College of Life Science, Shandong Normal University, Jinan, Shandong, 250014, China.
Plant J. 2010 May 1;62(4):539-48. doi: 10.1111/j.1365-313X.2010.04173.x.
AtFes1A is induced by high temperatures, and encodes a protein containing the armadillo repeat motif. Little is known about its biological function, however. In this study, we observed an increased heat-sensitive phenotype in atfes1a mutants, suggesting the involvement of AtFes1A in acquired thermotolerance. We found that AtFes1A is cytosolic and associates with cytosolic Hsp70. Loss of AtFes1A leads to a selective reduction of cytosolic Hsp70 and a global increase in heat shock transcription. Thus, AtFes1A appears to prevent cytosolic Hsp70 degradation, and acts as a negative regulator of heat-shock transcription. We also found increased ubiquitination of total protein in atfes1a mutants after severe heat stress. These findings suggest that AtFes1A plays an important role in heat response signalling pathways, in addition to its role in thermotolerance.

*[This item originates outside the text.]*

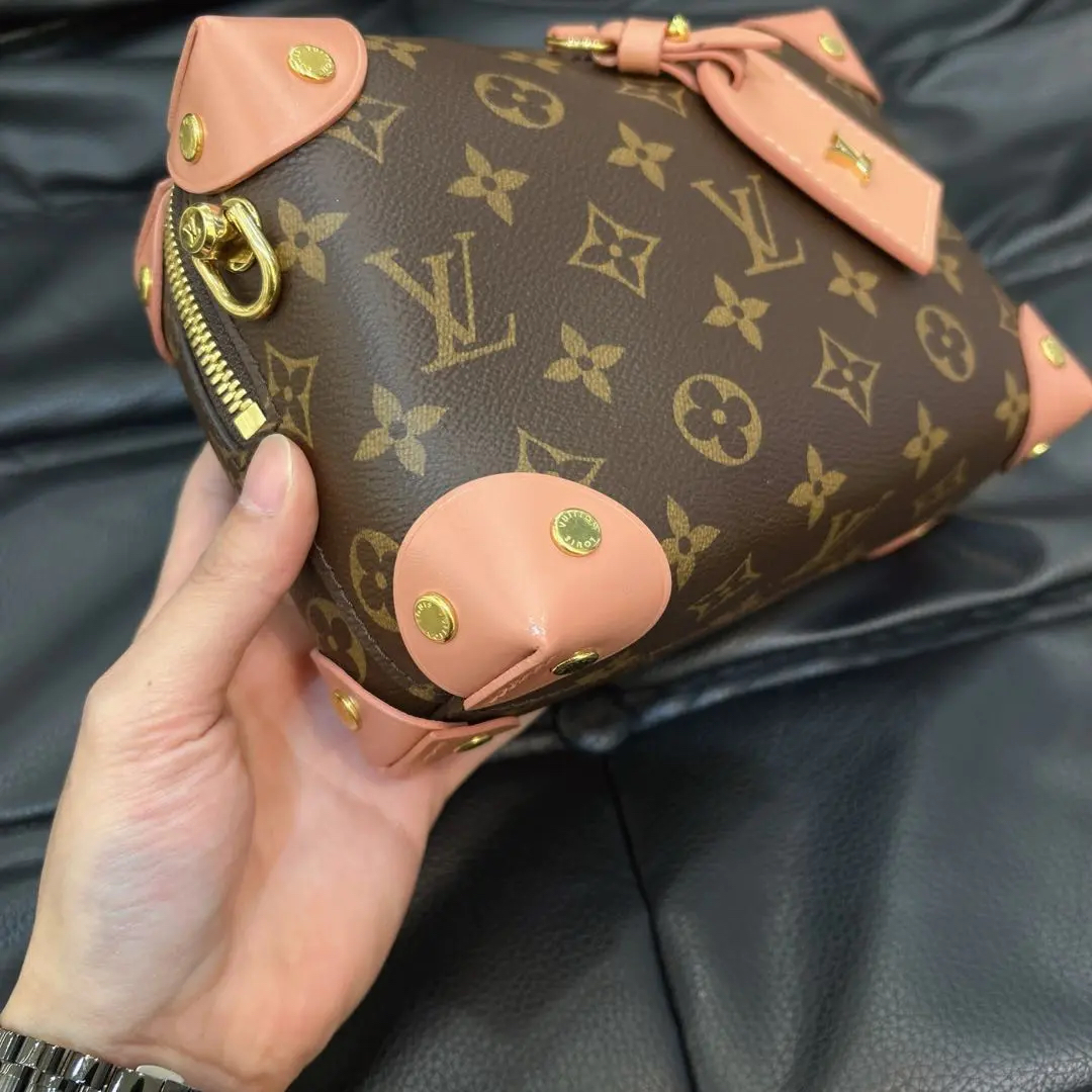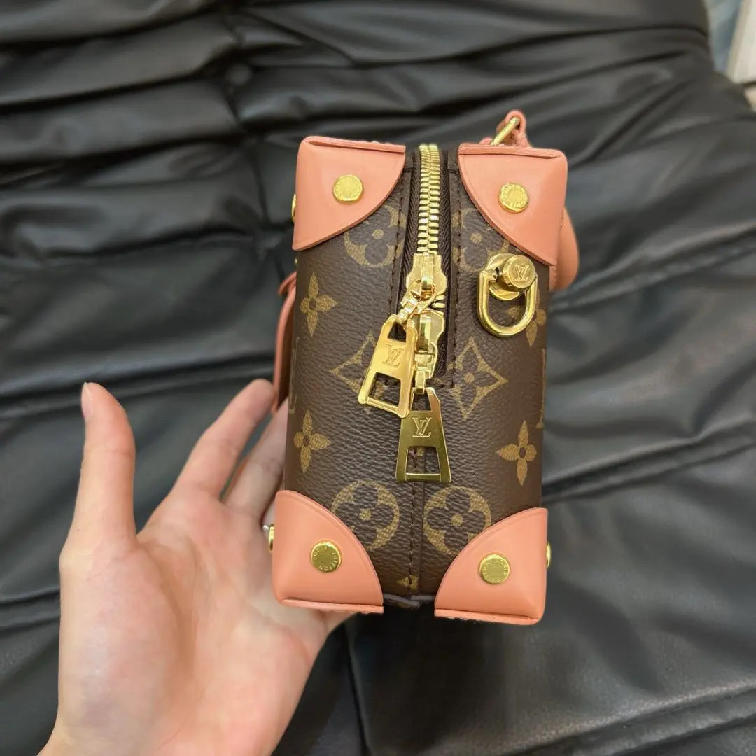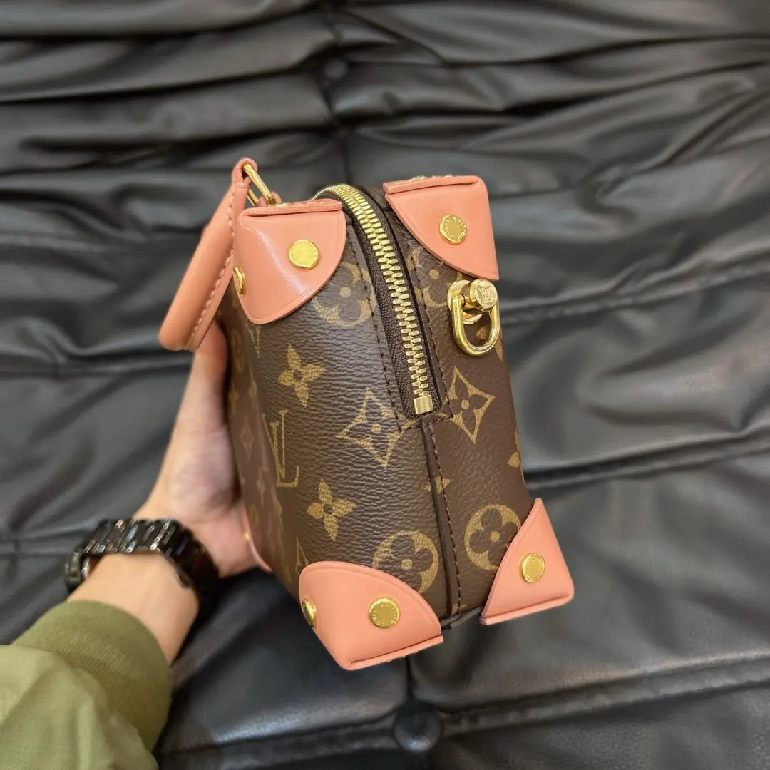LV Souple 粉皮拼老花 粉肩带 软盒子
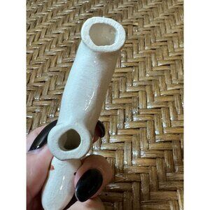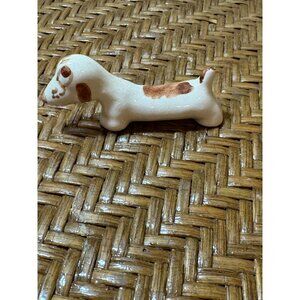 These delicate ceramic dog figurines feature unique designs with a vintage appeal, showcasing white bodies adorned with brown and yellow spots.

AtFes1A 受高温诱导,编码一种含有类角蛋白重复模体的蛋白质。然而,关于其生物学功能知之甚少。在这项研究中,我们观察到 atfes1a 突变体表现出对高温敏感的表型增加,表明 AtFes1A 参与了获得性耐热性。我们发现 AtFes1A 是细胞质的,并与细胞质 Hsp70 相关联。AtFes1A 的缺失导致细胞质 Hsp70 的选择性减少和热休克转录的全局增加。因此,AtFes1A 似乎可以防止细胞质 Hsp70 的降解,并作为热休克转录的负调节剂。我们还发现严重热应激后 atfes1a 突变体中的总蛋白泛素化增加。这些发现表明,AtFes1A 除了在耐热性中发挥作用外,还在热应激信号通路中发挥重要作用。